┌────────
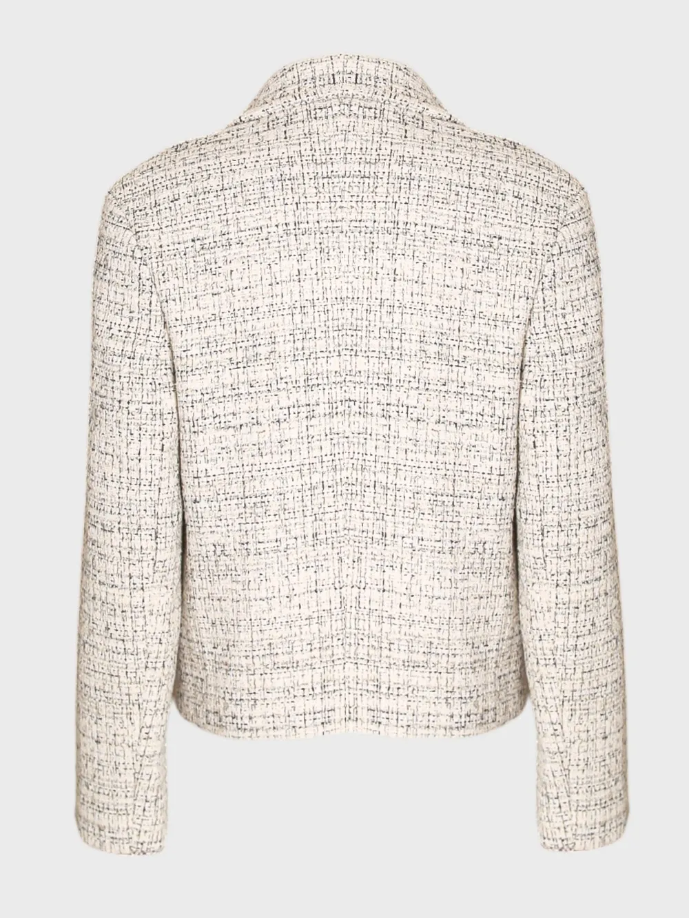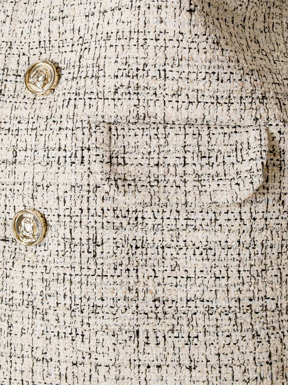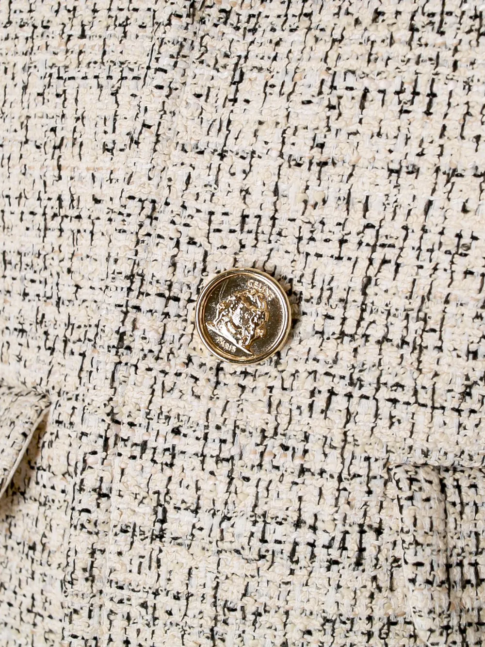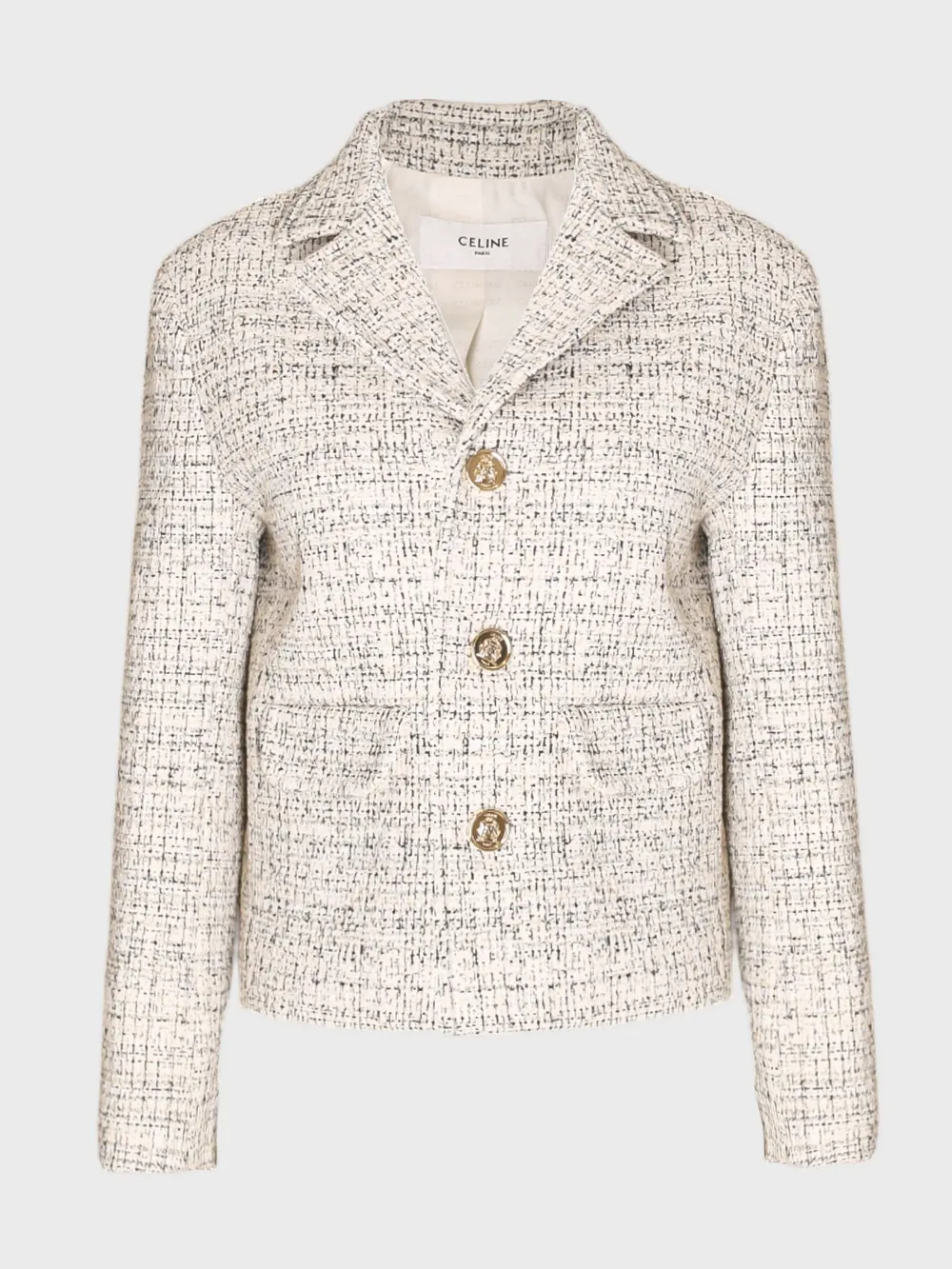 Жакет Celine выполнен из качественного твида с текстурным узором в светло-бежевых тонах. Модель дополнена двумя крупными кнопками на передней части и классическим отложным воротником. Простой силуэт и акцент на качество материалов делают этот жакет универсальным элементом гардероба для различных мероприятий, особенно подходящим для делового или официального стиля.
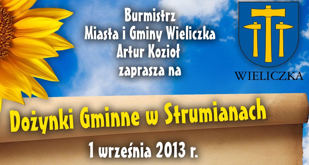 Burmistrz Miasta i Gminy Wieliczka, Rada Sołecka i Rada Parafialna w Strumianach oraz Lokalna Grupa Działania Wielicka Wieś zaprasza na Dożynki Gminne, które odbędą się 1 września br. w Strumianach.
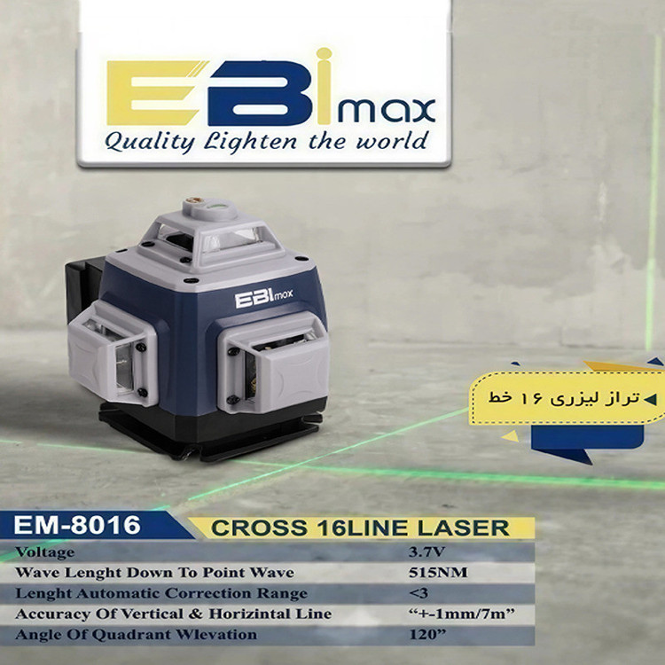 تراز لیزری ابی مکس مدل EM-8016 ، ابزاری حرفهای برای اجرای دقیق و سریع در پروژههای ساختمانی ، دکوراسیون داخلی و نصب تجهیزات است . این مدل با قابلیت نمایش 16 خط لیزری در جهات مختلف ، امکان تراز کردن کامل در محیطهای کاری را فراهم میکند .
└────────
┌────────
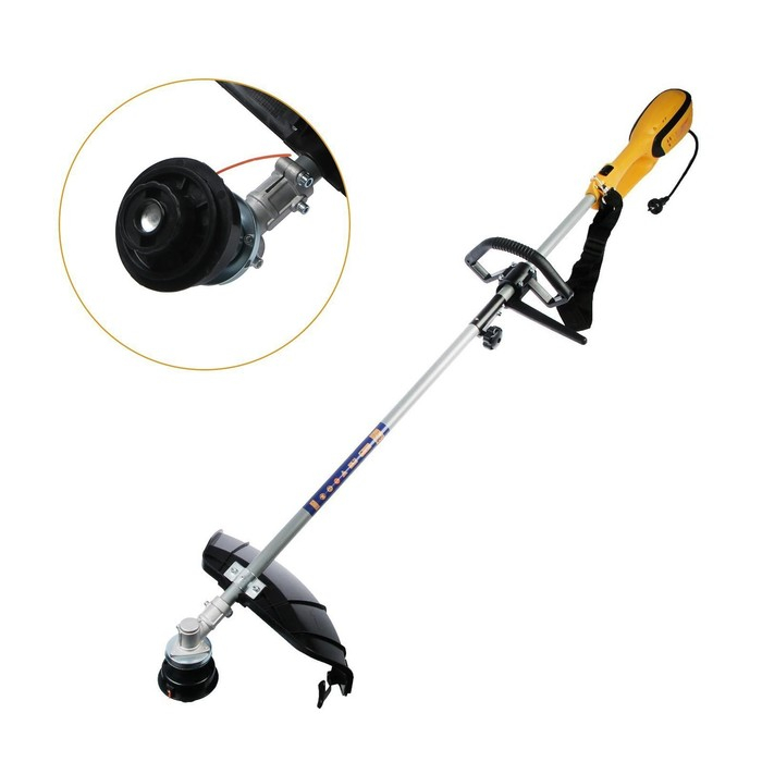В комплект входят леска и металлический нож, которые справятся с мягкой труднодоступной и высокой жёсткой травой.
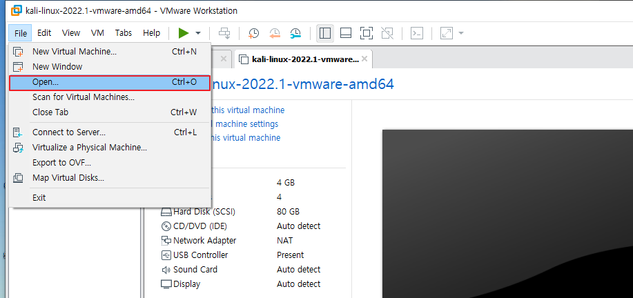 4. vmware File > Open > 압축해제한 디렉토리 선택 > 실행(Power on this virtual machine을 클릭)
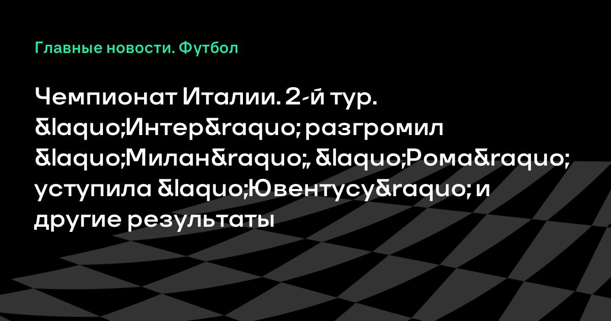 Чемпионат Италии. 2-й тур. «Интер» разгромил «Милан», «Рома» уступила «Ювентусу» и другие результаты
└────────
Look above for the line containing "Жакет Celine выполнен" and the line containing "تراز لیزری ابی", then reproduce both and everything between them exactly, pictures omitted.

 Жакет Celine выполнен из качественного твида с текстурным узором в светло-бежевых тонах. Модель дополнена двумя крупными кнопками на передней части и классическим отложным воротником. Простой силуэт и акцент на качество материалов делают этот жакет универсальным элементом гардероба для различных мероприятий, особенно подходящим для делового или официального стиля.
 Burmistrz Miasta i Gminy Wieliczka, Rada Sołecka i Rada Parafialna w Strumianach oraz Lokalna Grupa Działania Wielicka Wieś zaprasza na Dożynki Gminne, które odbędą się 1 września br. w Strumianach.
 تراز لیزری ابی مکس مدل EM-8016 ، ابزاری حرفهای برای اجرای دقیق و سریع در پروژههای ساختمانی ، دکوراسیون داخلی و نصب تجهیزات است . این مدل با قابلیت نمایش 16 خط لیزری در جهات مختلف ، امکان تراز کردن کامل در محیطهای کاری را فراهم میکند .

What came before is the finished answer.